We welcome new collaborators to join our network. If you would like to get involved or find out more, please contact firstname.lastname@example.org. If you are a patient or representative from a patient organisation and would like to get involved, please contact email@example.com. You might also find this additional information helpful too.
Interstitial Lung Diseases (ILDs) represent a group of fibro-inflammatory disorders that occur following exposure to a variety of dusts, in association with diseases (e.g. rheumatoid arthritis, sarcoid), or, in cases of Idiopathic Pulmonary Fibrosis (IPF), without known cause. In many cases the fibrosis becomes autonomous and progressive with worse outcomes than many cancers. Anti-fibrotic therapy (nintedanib and pirfenidone) is available, however, they are expensive and have numerous side effects. Furthermore, these drugs do not represent a cure and offer no improvement in long-term survival or quality of life. Unfortunately, at the current time, drug development can take many years for a single asset, and therefore there is an urgent need to accelerate drug develop for patients with fibrotic interstitial lung disease (FILD).

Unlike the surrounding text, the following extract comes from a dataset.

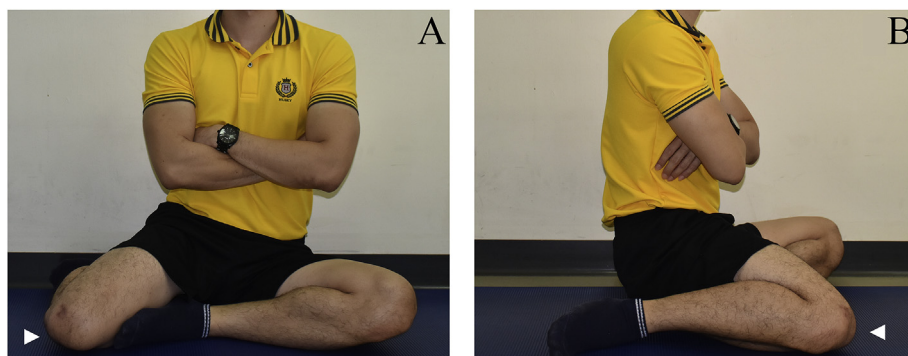
Fig. 2. Sitting one-legged. Frontal (A) and lateral (B) views of a patient sitting on the floor, with the affected knee (marked by the white arrowhead) below the contralateral knee.

As to the anatomical, single-bundle, ACL reconstruction, the femoral tunnel was drilled at the center of the femoral footprint of the ACL using the transportal technique. The tibial tunnel was also drilled at the center of the tibial ACL footprint. The BPTB graft was fixed with a bioabsorbable interference screw, firstly to the femoral tunnel, and then to the tibial tunnel, at a position of full knee extension. The donor site's bone-defects at the patella and the tibial tubercle were filled with the autologous bone graft collected while trimming the bone plugs and drilling the tibial tunnel. A post-operative accelerated rehabilitation program was undertaken, starting with an early range of motion exercises and partial weight bearing, as tolerated, with the use of crutches. 9

The goal of REMAP-ILD is to design a clinical trial which can speed up the assessment of therapies for patients with FILD. We will achieve this by creating an international platform to carry out clinical trials that rapidly assess potential treatments. We will use a new approach to trial design that will enable multiple therapies to be assessed at the same time, which are known as Randomized, Embedded, Multifactorial, Adaptive Platform (REMAP) trials and we will shorten the time it takes to decide if a therapy is working or not. We want to make it easy for patients to take part in the trial by minimising the number of hospital visits and disruption to their lives.
The results of the clinical trial will allow many more treatments including currently available medicines, new therapies and non-drug treatments to be assessed in a much shorter period of time. Ultimately, this will mean patients diagnosed with this devasting disease will have access to therapies that will enable them to live well for longer.

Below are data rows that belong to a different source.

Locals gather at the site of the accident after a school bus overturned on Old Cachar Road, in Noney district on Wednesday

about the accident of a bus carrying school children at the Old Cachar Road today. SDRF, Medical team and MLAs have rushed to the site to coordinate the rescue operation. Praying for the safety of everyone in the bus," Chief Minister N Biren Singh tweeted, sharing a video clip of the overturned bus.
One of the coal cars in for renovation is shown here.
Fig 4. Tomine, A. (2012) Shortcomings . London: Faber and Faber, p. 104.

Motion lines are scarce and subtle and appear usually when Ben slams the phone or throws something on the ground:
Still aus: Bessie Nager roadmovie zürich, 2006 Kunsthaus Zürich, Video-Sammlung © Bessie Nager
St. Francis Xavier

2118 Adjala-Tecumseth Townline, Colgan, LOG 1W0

In partnership with Action for Pulmonary Fibrosis, our first REMAP-ILD patient and public involvement and engagement event is being held on the 1st of November 2022, 7pm-8.30pm.
For registration and to learn more about this inspiring event, please follow the link: https://www.actionpf.org/news/www-actionpf-org-news-remap-ild
Adaptive and Platform Trials: Can we REMAP-ILD?
Dr Roger Lewis, Senior Medical Scientist for Berry Consultants, presents a talk on 'Adaptive and Platform Trials: Can we REMAP-ILD?'
An introduction and overview to REMAP-ILD:
An introduction and overview of REMAP-ILD was presented through a series of talks at the 21st International Colloquium on Lung and Airway Fibrosis (ICLAF) 2022. Professor Gisli Jenkins, Dr Leticia Kawano-Dourado, Professor Roger Lewis, Professor Naftali Kaminski and Dr Wendy Adams close the sessions with a panel discussion and Q&A.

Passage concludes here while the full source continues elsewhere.